▸ **What you are asked to do**:
Within the lines below, the span from the line with "理科 夏休みの自由研究" to the line with "I ve Špindlerově Mlýně bude z Benziny Orlen.", both ends included, is to be reproduced exactly, with pictures omitted.

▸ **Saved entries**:
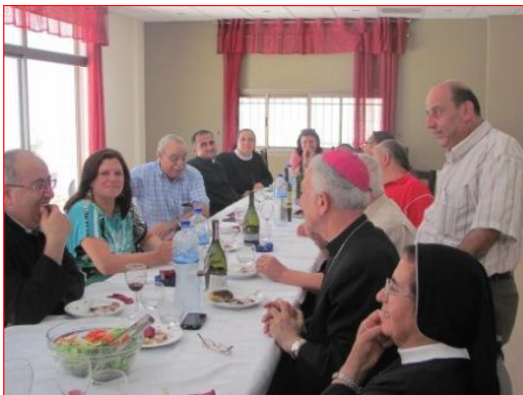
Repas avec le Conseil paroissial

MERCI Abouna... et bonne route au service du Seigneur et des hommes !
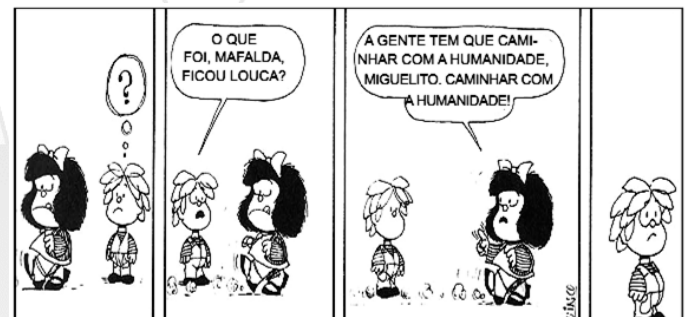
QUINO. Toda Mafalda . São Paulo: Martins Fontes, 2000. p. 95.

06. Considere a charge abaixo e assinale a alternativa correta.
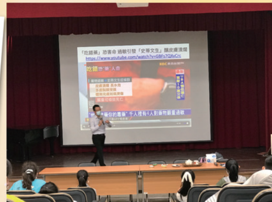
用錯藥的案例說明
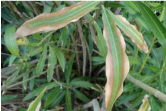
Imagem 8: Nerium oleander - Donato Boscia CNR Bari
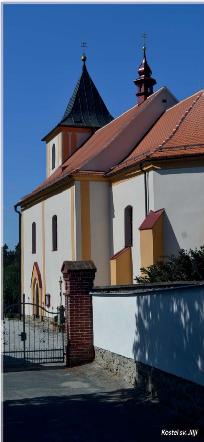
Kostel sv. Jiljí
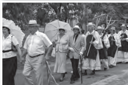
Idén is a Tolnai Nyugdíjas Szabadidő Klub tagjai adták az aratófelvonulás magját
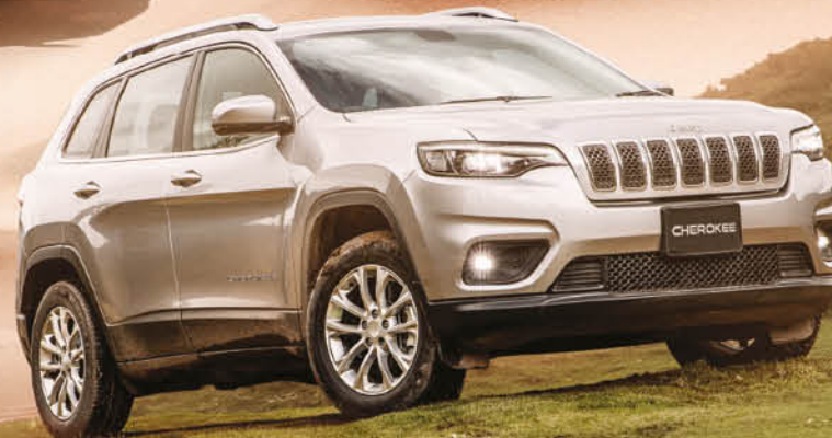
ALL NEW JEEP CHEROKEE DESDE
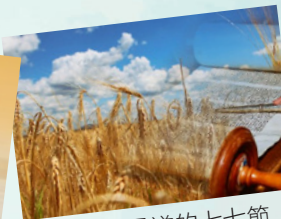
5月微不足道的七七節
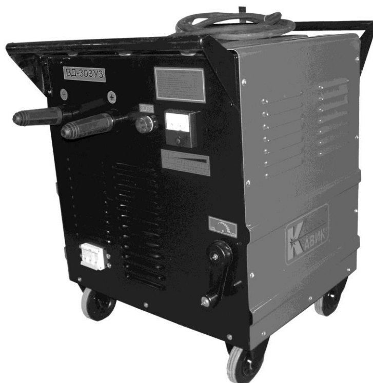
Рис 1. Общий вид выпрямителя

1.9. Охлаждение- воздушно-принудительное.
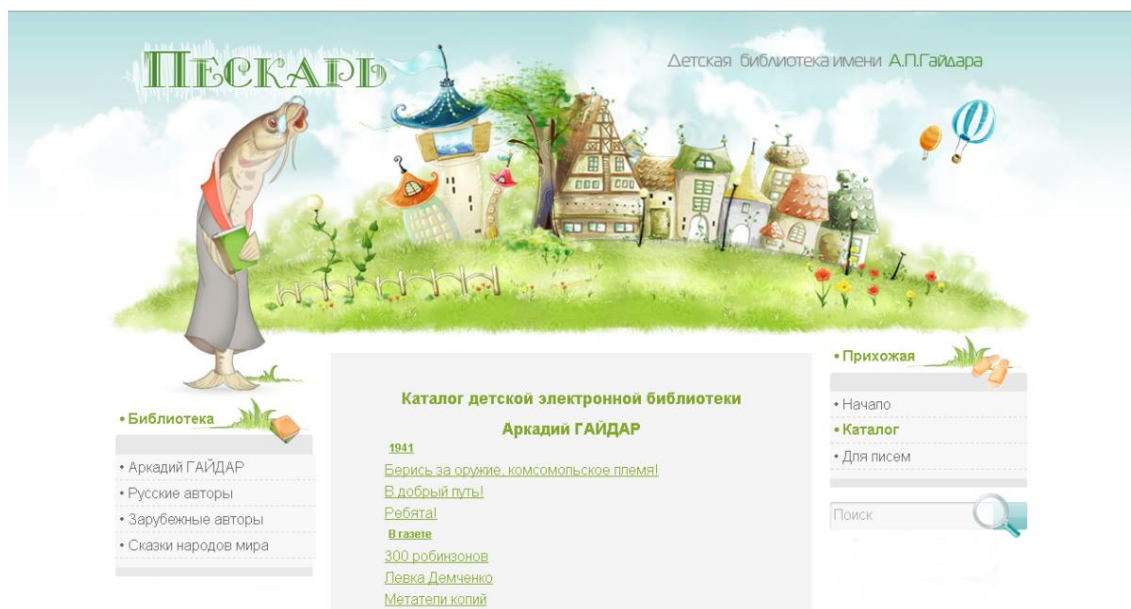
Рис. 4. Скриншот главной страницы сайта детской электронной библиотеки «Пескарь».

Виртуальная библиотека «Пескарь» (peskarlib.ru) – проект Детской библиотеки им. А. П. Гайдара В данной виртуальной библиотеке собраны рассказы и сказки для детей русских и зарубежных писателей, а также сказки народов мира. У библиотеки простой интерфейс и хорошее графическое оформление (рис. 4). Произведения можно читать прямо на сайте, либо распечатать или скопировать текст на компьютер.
--
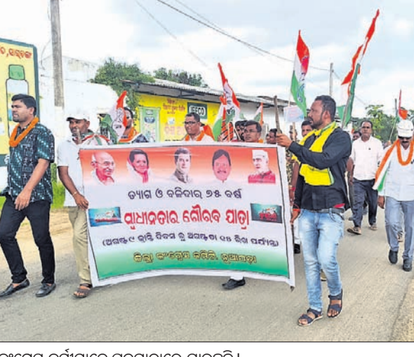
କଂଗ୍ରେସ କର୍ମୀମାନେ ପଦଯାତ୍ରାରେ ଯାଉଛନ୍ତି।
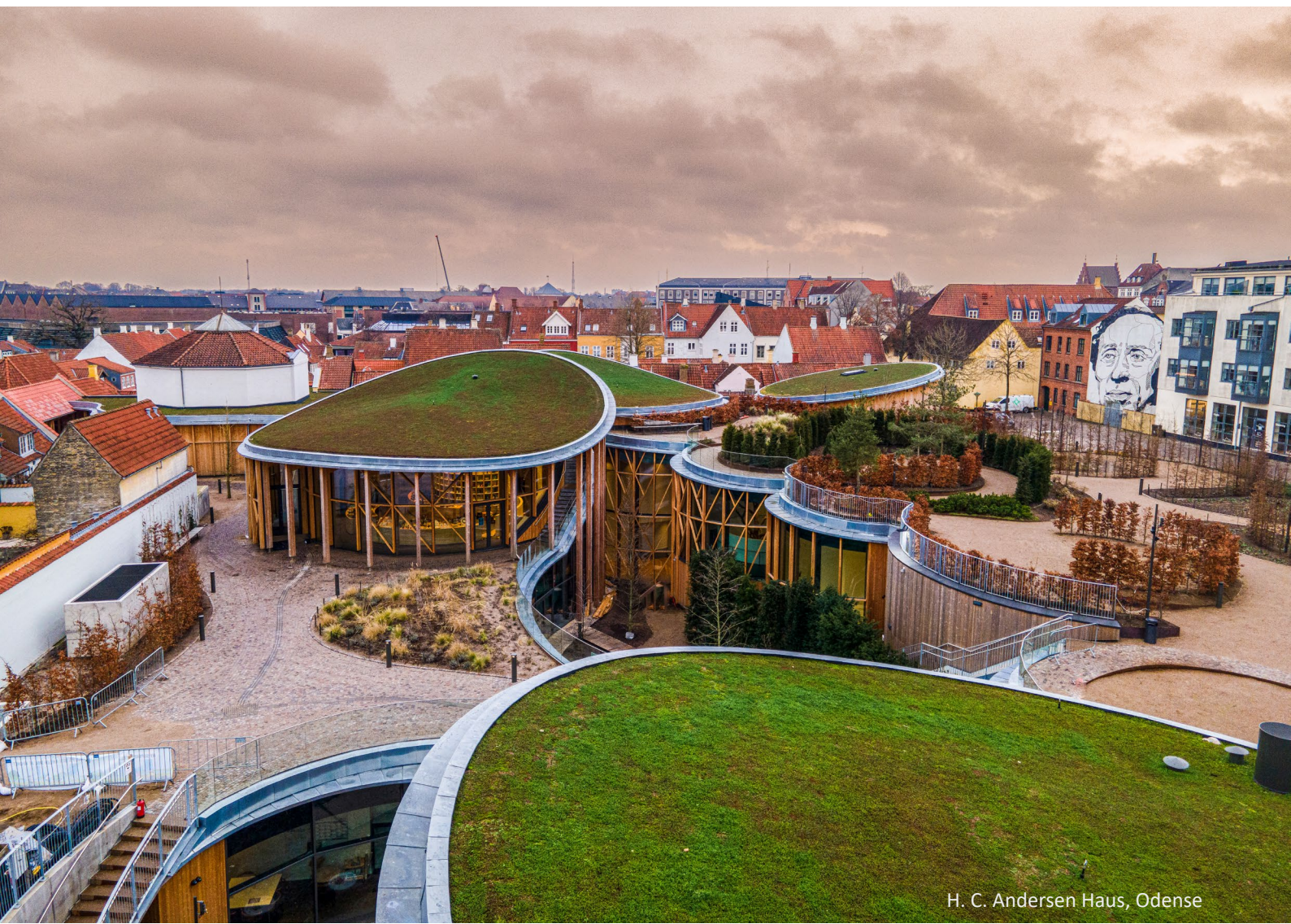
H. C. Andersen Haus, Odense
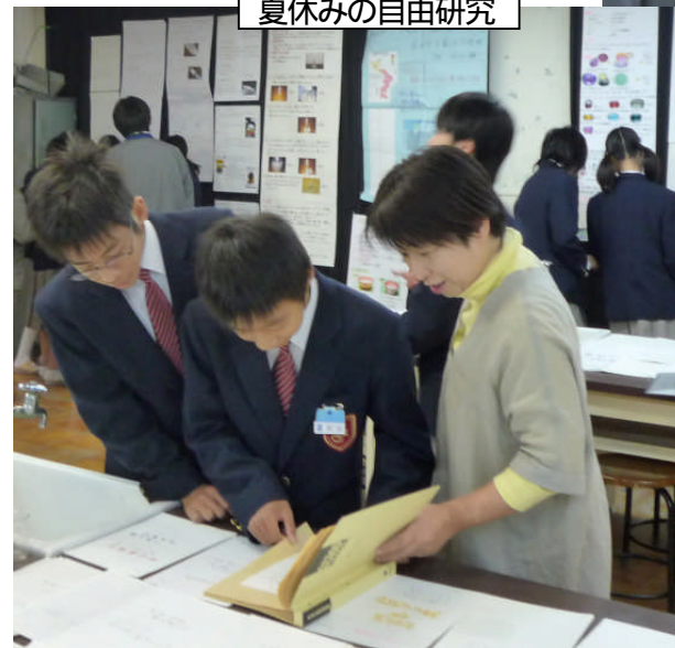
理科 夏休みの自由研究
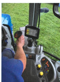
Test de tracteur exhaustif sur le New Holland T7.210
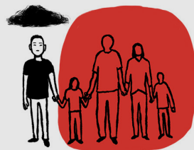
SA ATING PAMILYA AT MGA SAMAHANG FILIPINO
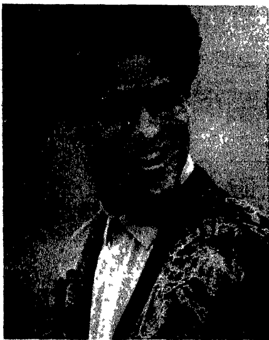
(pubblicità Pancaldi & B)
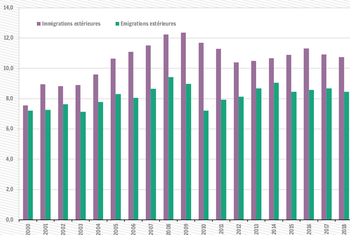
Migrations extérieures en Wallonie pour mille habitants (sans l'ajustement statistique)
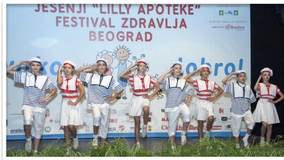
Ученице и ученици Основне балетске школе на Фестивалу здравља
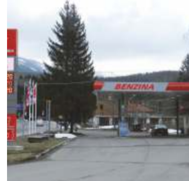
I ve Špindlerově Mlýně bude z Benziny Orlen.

▸ **Exercise answer**:
理科 夏休みの自由研究
Test de tracteur exhaustif sur le New Holland T7.210
SA ATING PAMILYA AT MGA SAMAHANG FILIPINO
(pubblicità Pancaldi & B)
Migrations extérieures en Wallonie pour mille habitants (sans l'ajustement statistique)
Ученице и ученици Основне балетске школе на Фестивалу здравља
I ve Špindlerově Mlýně bude z Benziny Orlen.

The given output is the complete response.